Set down each of the records below exactly as it reads. No pictures go into the copy.

Segment Start: Records provided

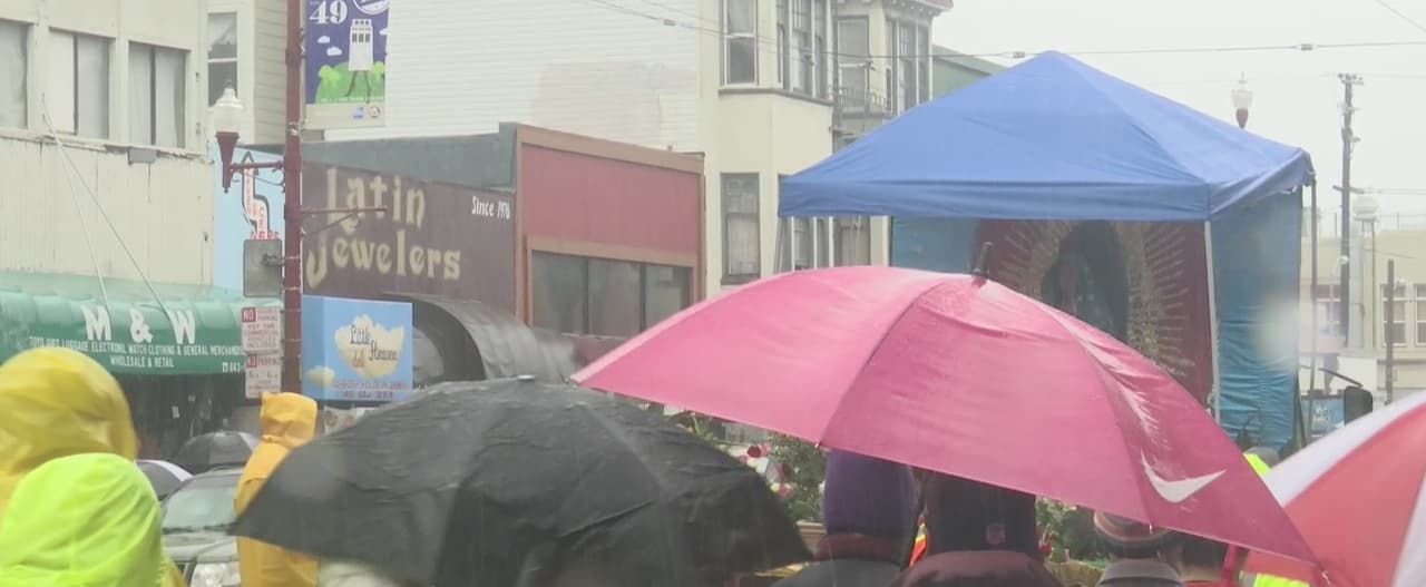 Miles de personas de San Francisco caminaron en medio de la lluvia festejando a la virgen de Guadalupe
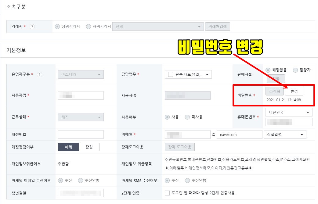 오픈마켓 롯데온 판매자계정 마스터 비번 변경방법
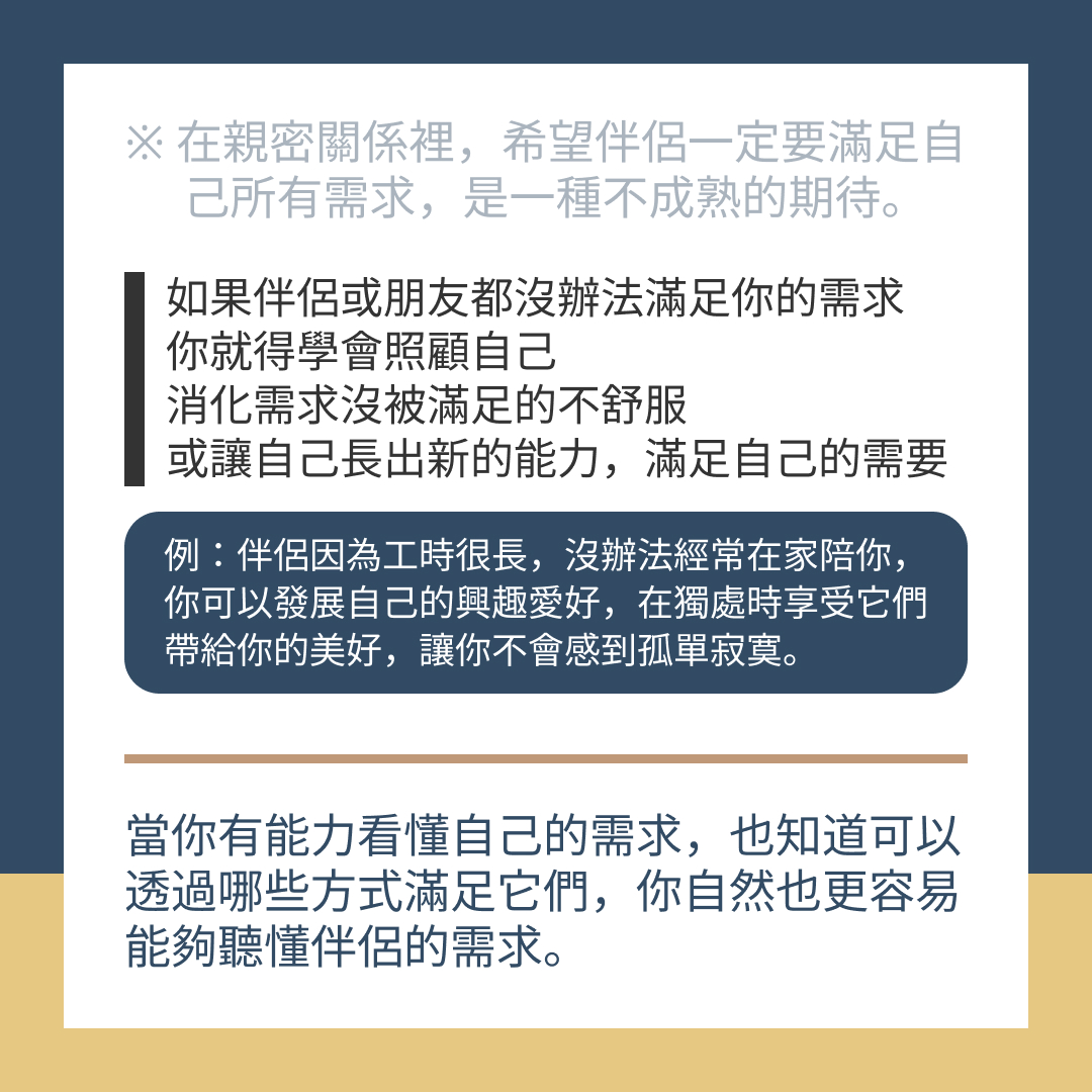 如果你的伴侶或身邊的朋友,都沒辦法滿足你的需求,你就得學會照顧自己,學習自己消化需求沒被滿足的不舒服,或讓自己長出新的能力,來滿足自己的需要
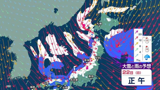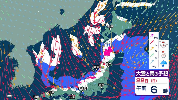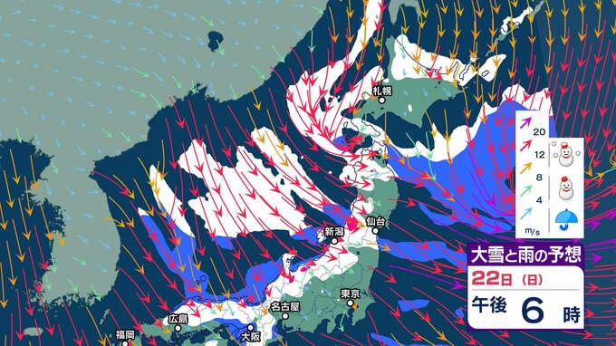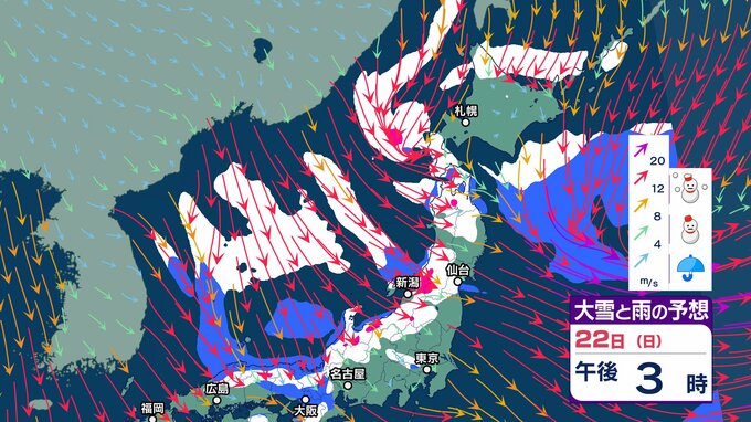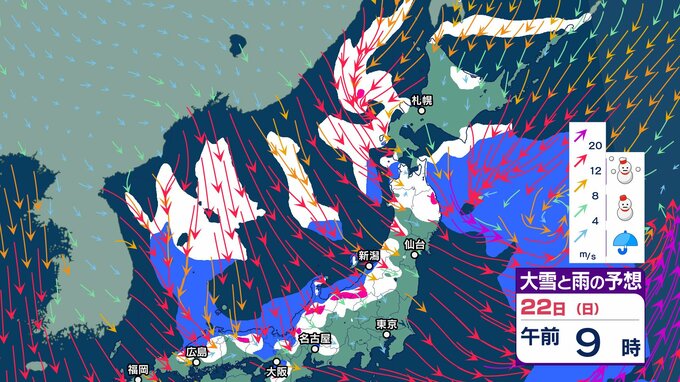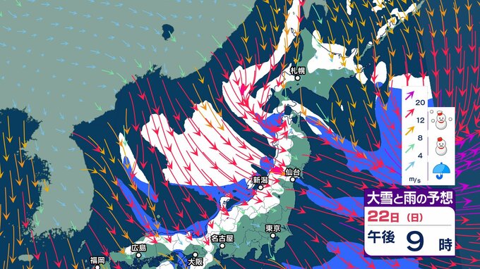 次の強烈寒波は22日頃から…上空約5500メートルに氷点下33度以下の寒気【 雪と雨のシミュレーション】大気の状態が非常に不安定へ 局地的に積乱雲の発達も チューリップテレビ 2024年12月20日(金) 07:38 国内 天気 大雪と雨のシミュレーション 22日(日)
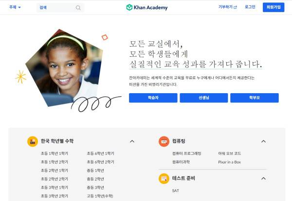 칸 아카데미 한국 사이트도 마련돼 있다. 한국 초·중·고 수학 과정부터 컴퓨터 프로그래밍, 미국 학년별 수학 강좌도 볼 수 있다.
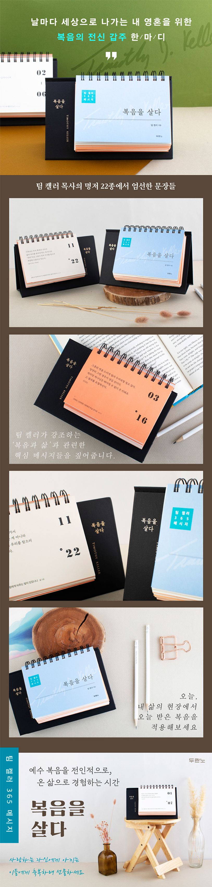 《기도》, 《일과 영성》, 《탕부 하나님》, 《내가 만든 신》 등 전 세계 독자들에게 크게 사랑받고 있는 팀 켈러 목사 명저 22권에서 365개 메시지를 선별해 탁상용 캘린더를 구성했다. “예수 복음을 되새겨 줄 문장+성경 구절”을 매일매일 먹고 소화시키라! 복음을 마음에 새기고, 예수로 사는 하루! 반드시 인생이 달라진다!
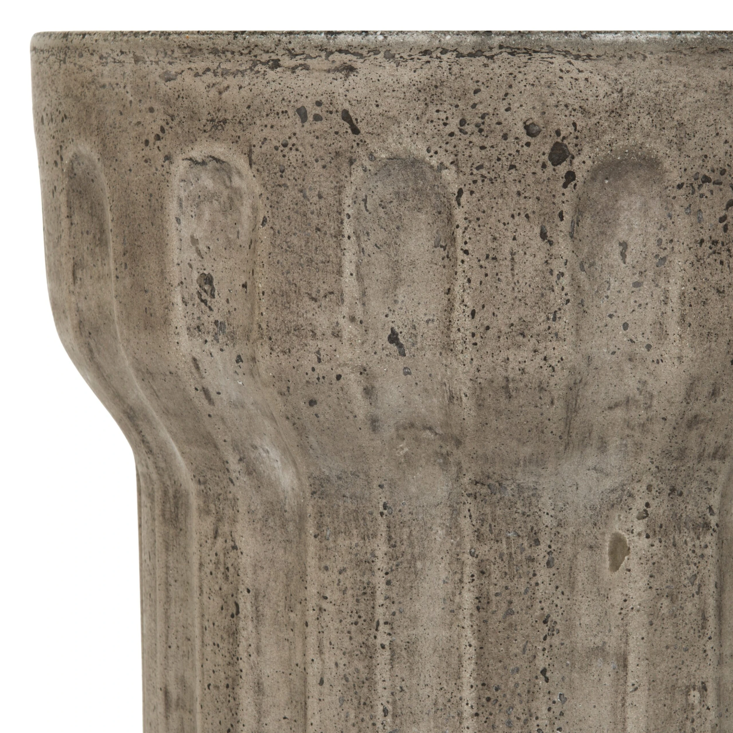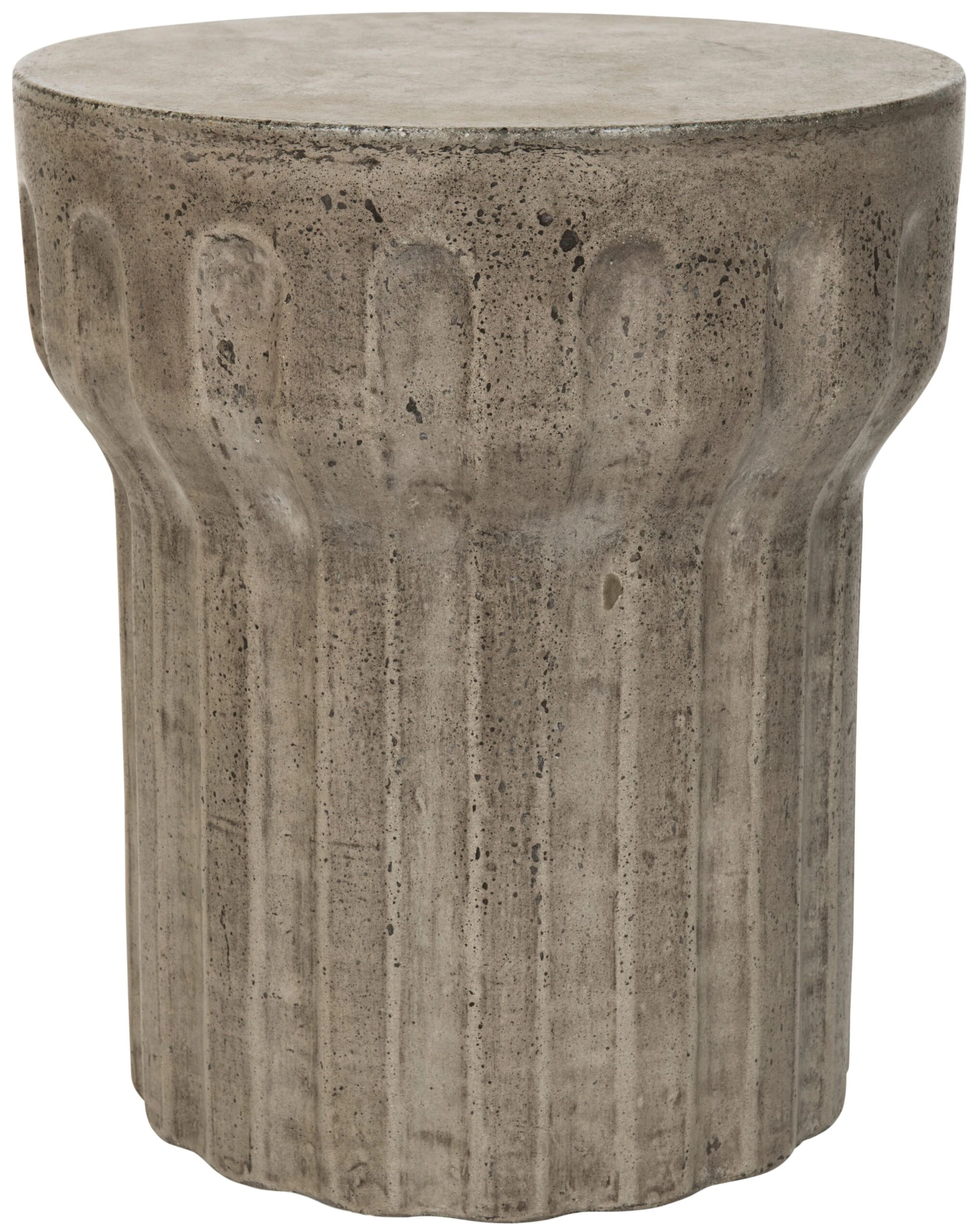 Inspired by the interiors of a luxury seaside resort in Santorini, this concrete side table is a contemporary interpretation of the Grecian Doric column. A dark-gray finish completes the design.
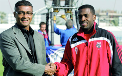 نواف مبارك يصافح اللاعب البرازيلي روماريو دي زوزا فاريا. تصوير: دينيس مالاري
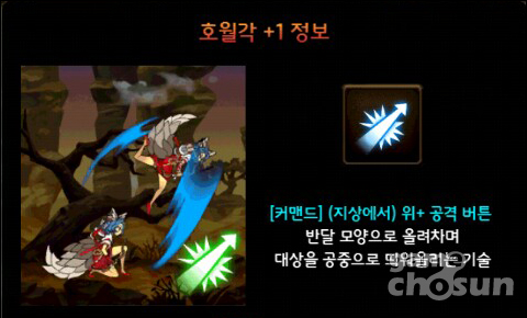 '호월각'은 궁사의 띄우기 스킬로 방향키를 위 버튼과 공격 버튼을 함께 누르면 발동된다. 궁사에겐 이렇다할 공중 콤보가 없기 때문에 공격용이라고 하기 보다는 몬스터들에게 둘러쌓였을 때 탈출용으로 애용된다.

Segment End: Records provided

Reply =
 Miles de personas de San Francisco caminaron en medio de la lluvia festejando a la virgen de Guadalupe
 오픈마켓 롯데온 판매자계정 마스터 비번 변경방법
 如果你的伴侶或身邊的朋友,都沒辦法滿足你的需求,你就得學會照顧自己,學習自己消化需求沒被滿足的不舒服,或讓自己長出新的能力,來滿足自己的需要
 次の強烈寒波は22日頃から…上空約5500メートルに氷点下33度以下の寒気【 雪と雨のシミュレーション】大気の状態が非常に不安定へ 局地的に積乱雲の発達も チューリップテレビ 2024年12月20日(金) 07:38 国内 天気 大雪と雨のシミュレーション 22日(日)
 칸 아카데미 한국 사이트도 마련돼 있다. 한국 초·중·고 수학 과정부터 컴퓨터 프로그래밍, 미국 학년별 수학 강좌도 볼 수 있다.
 《기도》, 《일과 영성》, 《탕부 하나님》, 《내가 만든 신》 등 전 세계 독자들에게 크게 사랑받고 있는 팀 켈러 목사 명저 22권에서 365개 메시지를 선별해 탁상용 캘린더를 구성했다. “예수 복음을 되새겨 줄 문장+성경 구절”을 매일매일 먹고 소화시키라! 복음을 마음에 새기고, 예수로 사는 하루! 반드시 인생이 달라진다!
 Inspired by the interiors of a luxury seaside resort in Santorini, this concrete side table is a contemporary interpretation of the Grecian Doric column. A dark-gray finish completes the design.
 نواف مبارك يصافح اللاعب البرازيلي روماريو دي زوزا فاريا. تصوير: دينيس مالاري
 '호월각'은 궁사의 띄우기 스킬로 방향키를 위 버튼과 공격 버튼을 함께 누르면 발동된다. 궁사에겐 이렇다할 공중 콤보가 없기 때문에 공격용이라고 하기 보다는 몬스터들에게 둘러쌓였을 때 탈출용으로 애용된다.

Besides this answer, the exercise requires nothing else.